▶ [TO DO]:
Your job is to give again, exactly and with no additions, the lines in the records below from the one with "وقد حضر الاجتماع" through the one with "Close-up of mechanical", both included. Omit the pictures.

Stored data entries
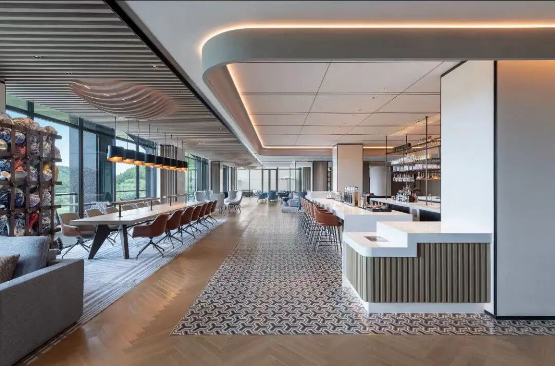 步入酒店大堂的第一感觉就是通透、流畅,空间尽头的&More咖啡充满年轻时尚的气息。在这里,共享长桌、垂吊式壁炉和散落的沙发椅,与窗外静谧的湖泊相映衬。下午或者夜晚,很多客人喜欢喝一杯桂花拿铁或者咖啡马提尼,坐在窗边聊天、工作。据介绍,作为喜来登全新设计的核心空间,酒店大堂被赋予“开放式共享空间”的定位,&More咖啡是亮点,集酒吧、咖啡厅和市集三种功能于一体。
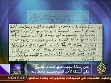 图:半岛台播出萨达姆亲笔信 呼吁发动圣战
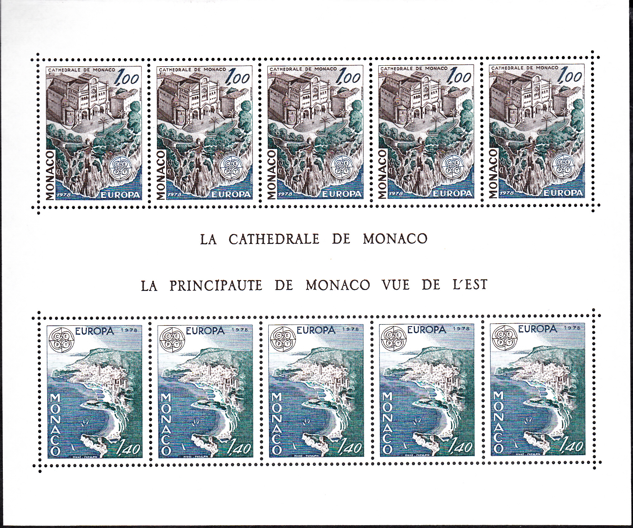 Die Europamarken 1978 zum Gemeinschaftsthema "Baudenkmäler" erschienen in Monaco am 2. Mai 1977. Neben den Einzelmarken erschien auch noch ein Block mit jeweils fünf Marken zu 1,00 Fr (MiNr 1319) und 1,40 Fr (MiNr 1320). Die Auflage betrug 275 111 Blocks.
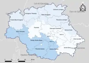 | Arrondissement d'Auch (12 cantons) | Canton d'Auch-Nord-Est - Canton d'Auch-Nord-Ouest - Canton d'Auch-Sud-Est-Seissan - Canton d'Auch-Sud-Ouest - Canton de Cologne - Canton de Gimont - Canton de l'Isle-Jourdain - Canton de Jegun - Canton de Lombez - Canton de Samatan - Canton de Saramon - Canton de Vic-Fezensac |
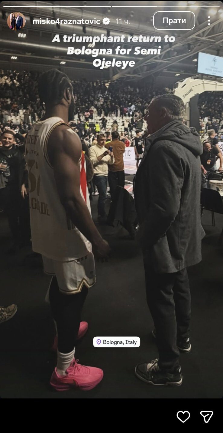Duel u Bolonji imao je i dodatnu simboliku, pošto je sa tribina meč pratio i Miško Ražnatović, Odželejev agent, koji je kasnije na društvenim mrežama podelio zajedničku fotografiju uz opis:
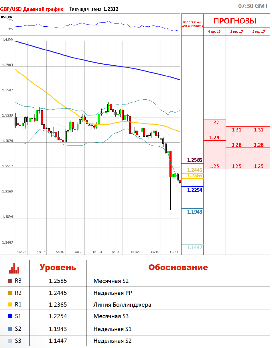 В первый день новой недели рынки в США были закрыты по случаю празднования дня Колумба. Тем не менее, это не спасло фунт от нисходящей коррекции, которая длится с начала октября. Паре не удалось консолидироваться, несмотря на небольшие попытки отскочить от уровня 1.2445. Как следствие, инструмент снизился ещё на 1% от этого уровня и на данный момент закрепился на отметке 1.23 будучи подкрепленным месячной S3 на уровне 1.225. Очевидно, что инструмент перепродан, а торги будут зависеть от технической картины. В случае продолжения снижения, пара сползёт к историческим минимумам в области 1.20.
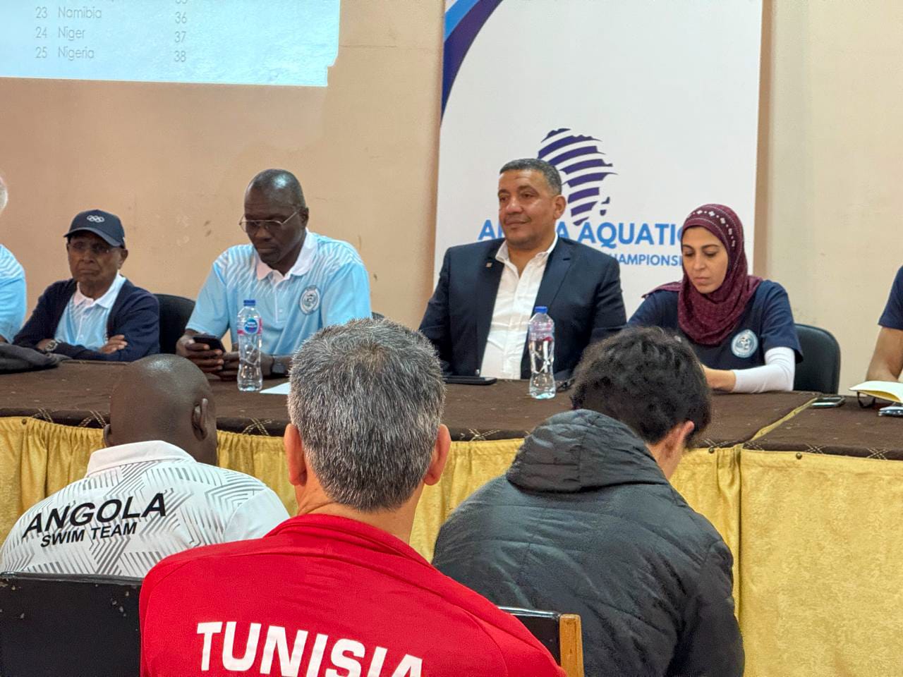 وقد حضر الاجتماع الأستاذ إسلام صميدة، عضو مجلس إدارة الاتحاد المصري للسباحة، والذي ألقى كلمة نيابة عن المهندس ياسر إدريس، رئيس الاتحاد، رحب فيها برئيس وأعضاء الاتحاد الأفريقي، وأعضاء اللجنة الفنية، وجميع الوفود الحاضرة، متمنياً لهم التوفيق والنجاح في فعاليات البطولة.
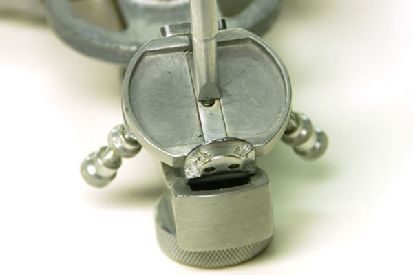 Close-up of mechanical incisal guide table. Included is the pin for long centric
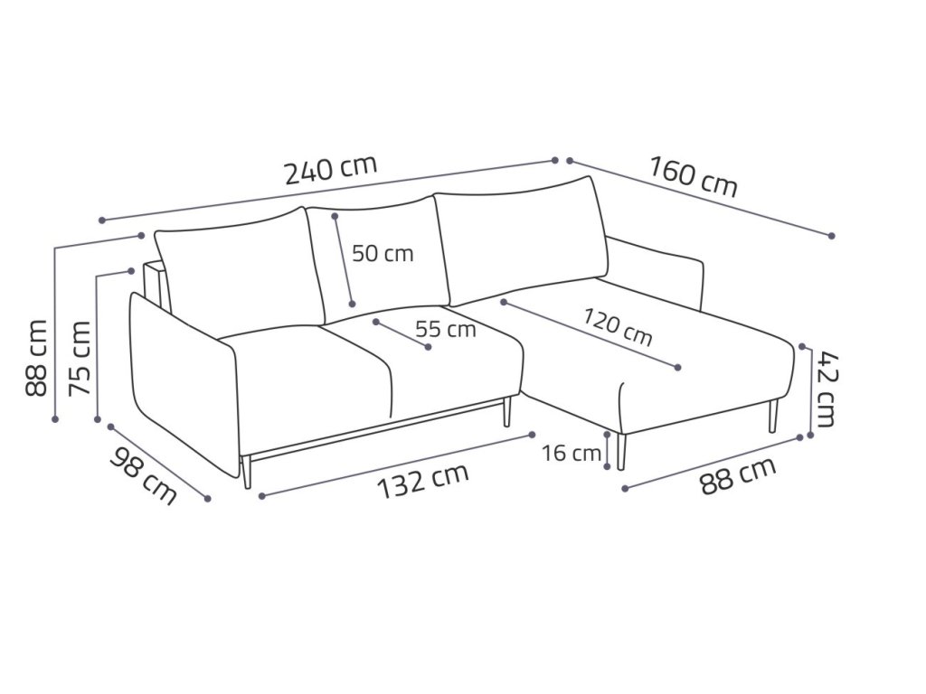 Sedací souprava Santino je vyrobena v jednoduchém elegantním designu, který se hodí do všech interiérů. Její velkou předností je univerzální možnost sestavení. Tzn. že podle potřeby můžete mít levou nebo pravou stranu, což je výhoda při zařizování obývacího pokoje. Nemusíte přemýšlet do jakého rohu sedací soupravu postavíte a jednoduše si ji podle potřeby přizpůsobíte. Sedací souprava je rozkládací. Jednoduchým rozložením vytvoříte dostatečně velké lůžko k příležitostnému přespání Vaší návštěvy. Samozřejmostí je i praktický úložný prostor, který můžete využít např. na lůžkoviny. Sedací souprava je potažena kvalitní látkou Velo, která je vyrobena z vysoce kvalitní příze, je extrémně měkká a příjemná na dotek. Látka je odolná před pronikáním vlhkosti a tekutin, snadno se čistí a udržuje v perfektním stavu. Výplň sedáků tvoří kombinace vlnitých pružin s kvalitní HR pěnou. Pro pohodlí při sezení a odpočinku, je sedací souprava vybavena 3 objemnými polštáři. Správná barva potahové látky je zobrazena na první a druhé fotografii. Ostatní fotografie jsou pouze ilustrační.
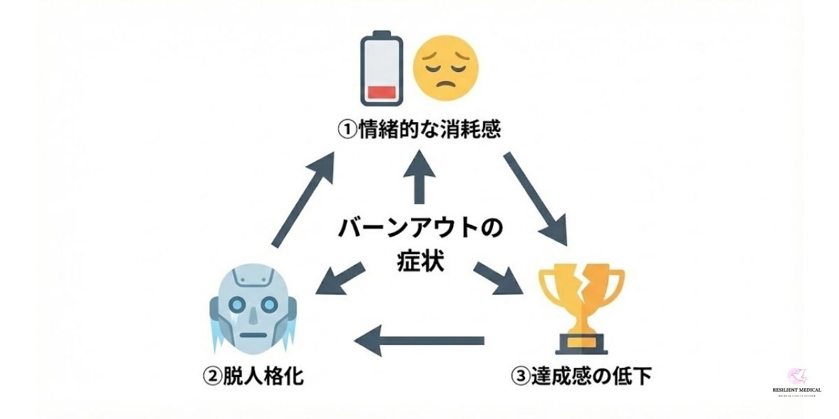 バーンアウトに陥る際にみられる特徴は以下の3つです。

▶ [REPLY]:
 وقد حضر الاجتماع الأستاذ إسلام صميدة، عضو مجلس إدارة الاتحاد المصري للسباحة، والذي ألقى كلمة نيابة عن المهندس ياسر إدريس، رئيس الاتحاد، رحب فيها برئيس وأعضاء الاتحاد الأفريقي، وأعضاء اللجنة الفنية، وجميع الوفود الحاضرة، متمنياً لهم التوفيق والنجاح في فعاليات البطولة.
 Close-up of mechanical incisal guide table. Included is the pin for long centric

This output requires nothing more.